President Biden’s State of the Union address aimed to appeal to as many Americans as possible. That’s neither a revelatory comment nor a surprising one; he’s a politician trying to build political support — and building political support is about presenting voters with appealing policy proposals. (Also furious tirades in the partisan media, of course, but that’s less Biden’s style than that of some in the audience Tuesday night.)
So the president delineated a slew of average-Jane ideas: increasing employment, limiting random fees from companies, making insulin affordable, that sort of thing.
“Too many of you lay in bed at night like my dad did, staring at the ceiling and wondering what in God’s name happens if your spouse gets cancer, or your child gets deadly ill or something happens to you,” Biden said. “What are you going to — are you going to have the money to pay for those medical bills? Or are you going to have to sell the house or try to get a second mortgage on it?”
As he outlined these policies aimed at bolstering the working class, Biden wrapped them in a very pointed envelope. There should be more, better jobs — but there should also be more union jobs. Because Biden, long an ally of the labor movement, understands acutely the difference between support from working Americans and organized support from them.
The first guest Biden introduced during his speech was a woman named Saria Gwin-Maye. Biden was boasting about the passage of legislation aimed at improving American infrastructure, and Gwin-Maye was hailed as one of the laborers who would be working to replace a notoriously decrepit bridge over the Ohio River. But Gwin-Maye isn’t just a worker. She’s a union member, a member of Ironworkers Local 44.
Similarly, Biden didn’t just argue that the country should “make sure working parents can afford to raise a family with sick days, paid family medical leave, affordable child care.” He did so immediately after touting the Protecting the Right to Organize Act, legislation that would make it easier for workers to form unions.
He left Washington on Wednesday to continue advocating for his administration’s efforts on the economy. He traveled to Wisconsin, where he spoke before members of the Laborers’ International Union. A banner on the wall read, “Union Strong.”

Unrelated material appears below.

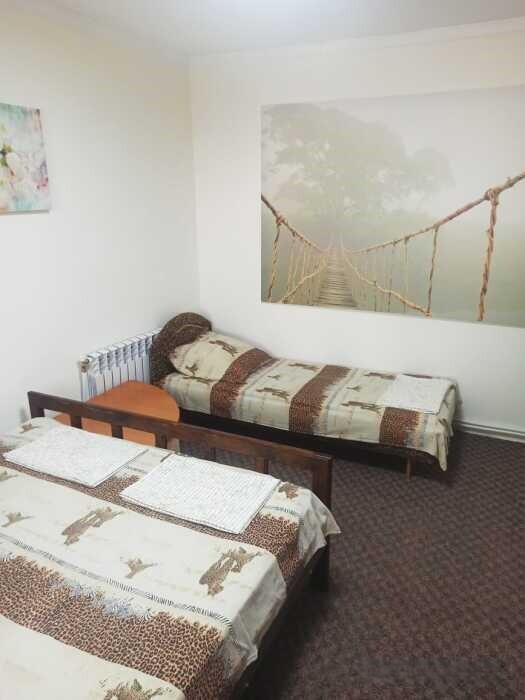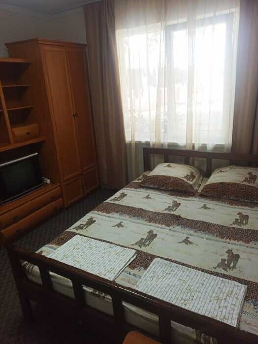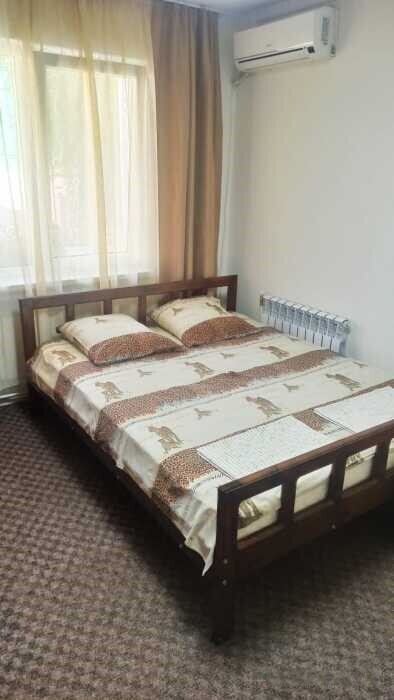 Номер с общим балконом (пластиковая мебель), шкаф, большая 2-спальная кровать + доп. место (диван-кровать) оснащен современной мебелью, спутниковым телевидением, кондиционером, холодильником, электрочайником.

The reason this matters is not a secret. Political parties exist in large part as storehouses of power; even if Biden goes away, the party collectively still has power through its other elected officials and its registered members. The party endures even as candidates and voters come and go. The power of the party, meanwhile, is such that it allows for the election of individuals as president — something that is all-but-unattainable outside of the party.
Labor unions exist for a similar reason: There is an aggregated power that isn’t dependent on individual workers or even individual workplaces. The weight of the union can be brought to bear in organizing fights, and the weight of the labor movement broadly can be brought to bear on employers — or politicians.
Traditionally, labor unions have supported Democratic candidates. That’s largely because Republicans have typically been the party of business owners, the natural foes of unions. But this relationship has been strained over time. Union members often haven’t attended college, and college attendance is increasingly correlated with support for Democratic candidates. So, over time, the partisan gap among members of union households has narrowed.
Some Republicans, like Sen. Marco Rubio (R-Fla.), see an opportunity here: Supporting union members who agree with the GOP on cultural issues might help bolster the party’s base. The party’s increasing hostility to businesses that advocate for issues like diversity meant that, when Amazon employees wanted to organize, Rubio sided with the workers and not the corporation. (Amazon founder Jeff Bezos owns The Washington Post.)
Unions still retain the ability to influence their members in a number of ways. The labor movement is also effective at turning out its members, a group that still skews Democratic. So for Biden and his party, it’s useful to bolster unions because that institutional strength is still beneficial. Put another way: Unions can probably do a better job of convincing their members to vote for Biden than Biden can.
But union membership continues to slip. There was a blip of an increase during the pandemic, when union workers were better protected against massive layoffs. But in 2022, the percentage of workers who belonged to unions or who were represented by unions was the lowest on record.
This is the flip side of Biden’s focus on unions: By working hard to strengthen them, he aids his party, but he also aids the unions, increasing loyalty to Democratic candidates.
This is a long-standing alliance. Which is probably why Biden focuses so heavily on unions. There are few politicians in America more old-school than Joe Biden, and there are few Democratic priorities more old-school than bolstering the party’s relationship with labor.